The Utility Group segment, including both the regulated electric distribution and transmission businesses, as well as the gas distribution business comprised of Yankee Gas, represents approximately 69 percent and 73 percent of NU's total revenues for the nine months ended September 30, 2004 and 2003, respectively, and includes the operations of the regulated electric utilities, CL&P, PSNH and WMECO, whose complete financial statements are included in NU's combined report on Form 10-Q. PSNH's distribution segment includes generation activities. Also included in this combined report on Form 10-Q is detailed information regarding CL&P's, PSNH's, and WMECO's transmission businesses. Utility Group revenues from the sale of electricity and natural gas primarily are derived from residential, commercial and industrial customers and are not dependent on any single customer.
The NU Enterprises merchant energy business segment includes Select Energy, NGC, the generation operations of HWP, and their respective subsidiaries, while the NU Enterprises eliminations and other business segment includes SESI, NGS, Woods Network, and their respective subsidiaries and intercompany eliminations.
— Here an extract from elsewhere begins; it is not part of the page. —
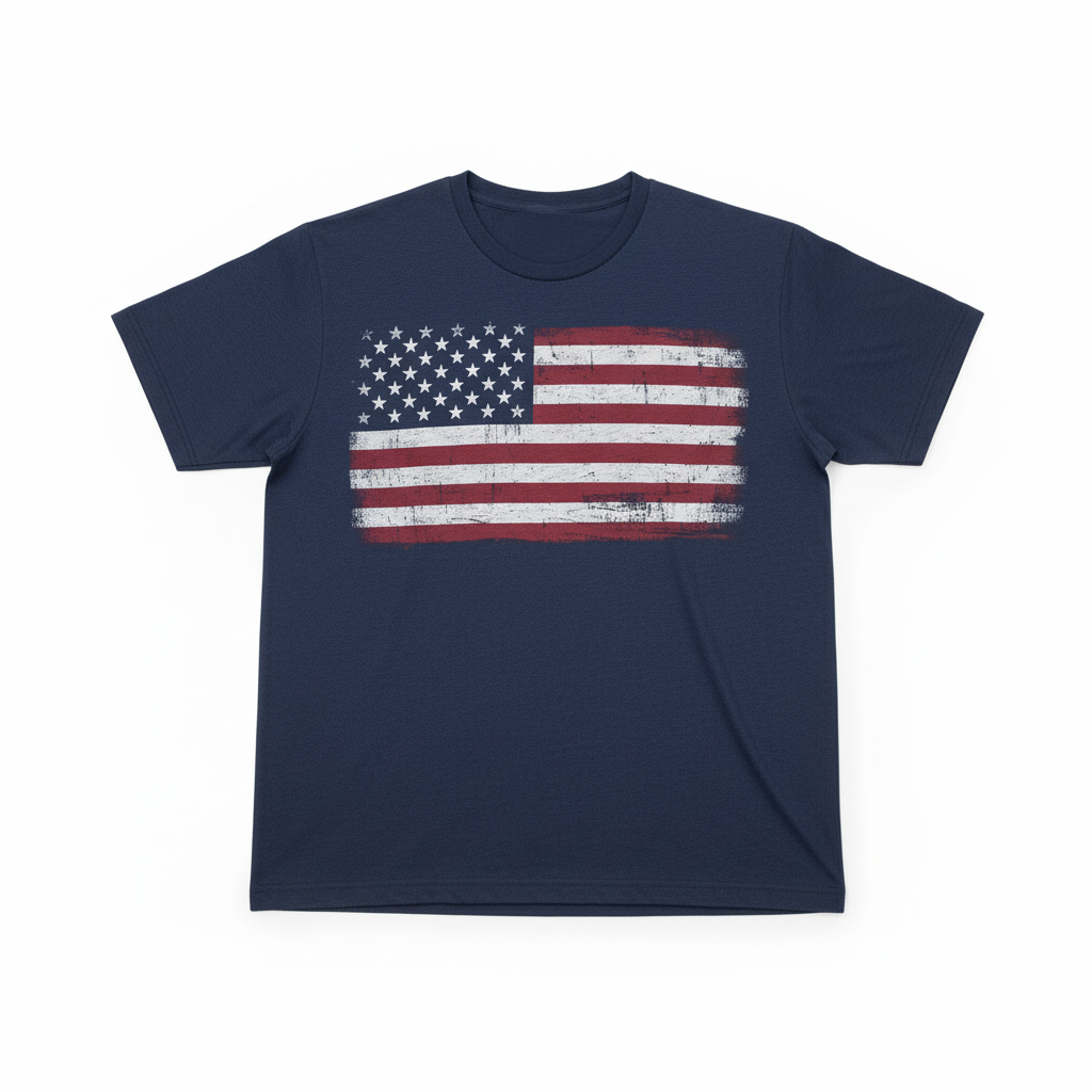 American Flag Printed T-Shirt – Custom Navy Blue Cotton Patriotic Tee

The results of NU Enterprises parent are also included within eliminations and other.
Effective January 1, 2004, Select Energy began serving a portion of CL&P's transitional standard offer (TSO) load for 2004. Total Select Energy revenues from CL&P for CL&P's standard offer load, TSO load and for other transactions with CL&P, represented approximately $474.9 million or 22 percent for the nine months ended September 30, 2004 and approximately $566.2 million or 30 percent for the nine months ended September 30, 2003, of total NU Enterprises' revenues. Total CL&P purchases from Select Energy are eliminated in consolidation.
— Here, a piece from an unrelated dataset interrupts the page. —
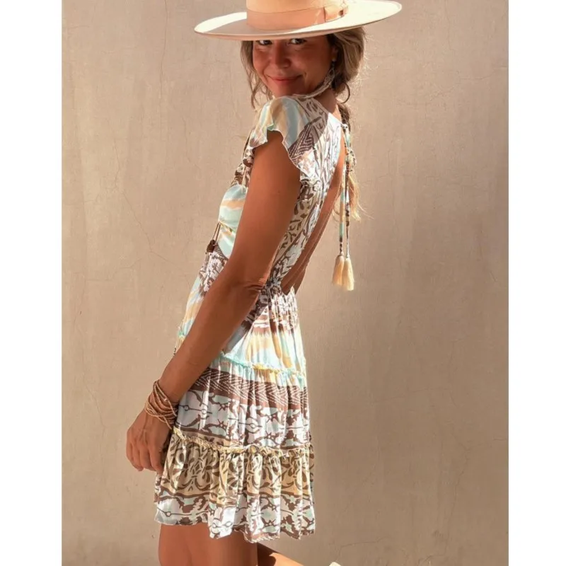 9 reviews for Printed A-Line Summer Dress with V-Neck and Flutter Sleeves
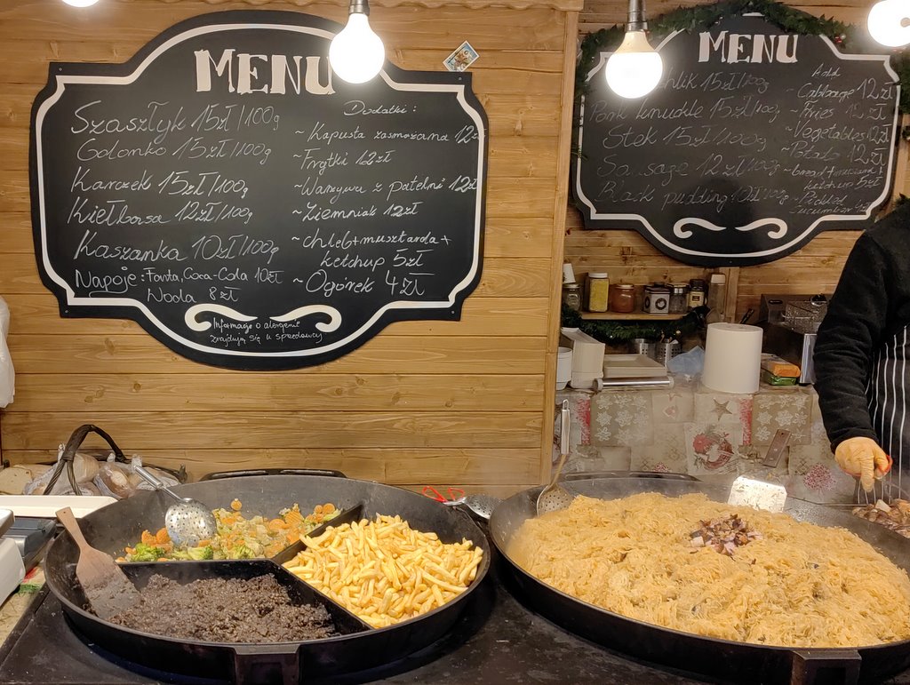 Niestety także i tutaj zauważyłem ceny które nieco studzą zapędy by skosztować wszystkiego. Kilka przykładów: pajda chleba ze smalcem 18 zł ale już pajda „full wypas” 35 zł. Naleśniki od 17 do 35 zł. Na stoisku Ukraińskim – Pelmieni 28 zł za 6 szt czy pierogi z mięsem 28 zł za 7 szt a barszcz do pierogów 20 zł. Nieco taniej jest w tradycyjnej Pierogarni gdzie porcję dostaniemy od 22 do 25 zł a barszcz czysty za 9 zł.

Additionally, WMECO's purchases from Select Energy for standard offer and default service and for other transactions with Select Energy represented approximately $81.5 million and $110.3 million of total NU Enterprises' revenues for the nine months ended September 30, 2004 and 2003, respectively. Total WMECO purchases from Select Energy are eliminated in consolidation. Select Energy revenues related to contracts with NSTAR companies represented $251.6 million or 12 percent of total NU Enterprises' revenues for the nine months ended September 30, 2004. Select Energy also provides BGS in the New Jersey market. Select Energy revenues related to these contracts represented $238.5 million or 11 percent of total NU Enterprises' revenues for the nine months ended September 30, 2004 and $323.6 million or 17 percent for the nine months ended September 30, 2003. No other individual customer represented in excess of 10 percent of NU E nterprises' revenues for the nine months ended September 30, 2004 or 2003.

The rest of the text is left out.